The station is located in a cutting where the line is bridged by what is now Station Road. The main station building is of the "common twin-pavilion type adopted by the CLC" with a larger, two-storey, projecting pavilion forming a house and a smaller single-storey one. Linking them is an entrance hall, ticket office and three-bay iron-arcaded waiting shelter. The building is decorated with elaborately fretted bargeboards. The station was equipped with a carved stone drinking fountain.

It had two platforms, both accessed by steps down from the road overbridge, the Liverpool bound platform could also be accessed from the road access to the station building. There was a goods yard to the south of the lines and west of the station. The goods yard was able to accommodate most types of goods including several cattle pens for livestock, it was equipped with a five-ton crane. 

During 1904 the station was renamed Sankey for Penketh. 

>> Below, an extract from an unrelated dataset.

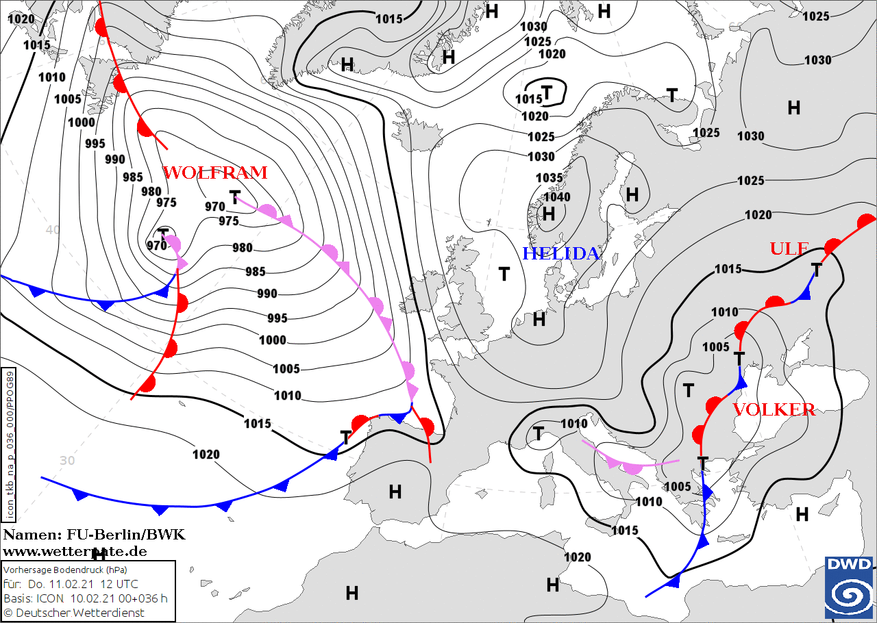 Noms des dépressions et anticyclones prévus pour jeudi 11 février 2021 à midi (Berlin)

The station closed to goods traffic on 5 November 1962, except for a private siding, which has subsequently also closed.

Facilities
The main station building is used as a waiting room, though part of the building is a house and another part disused.  Passengers have little shelter available when the main building is closed and seats are only available on the Manchester bound platform, which has a shelter.  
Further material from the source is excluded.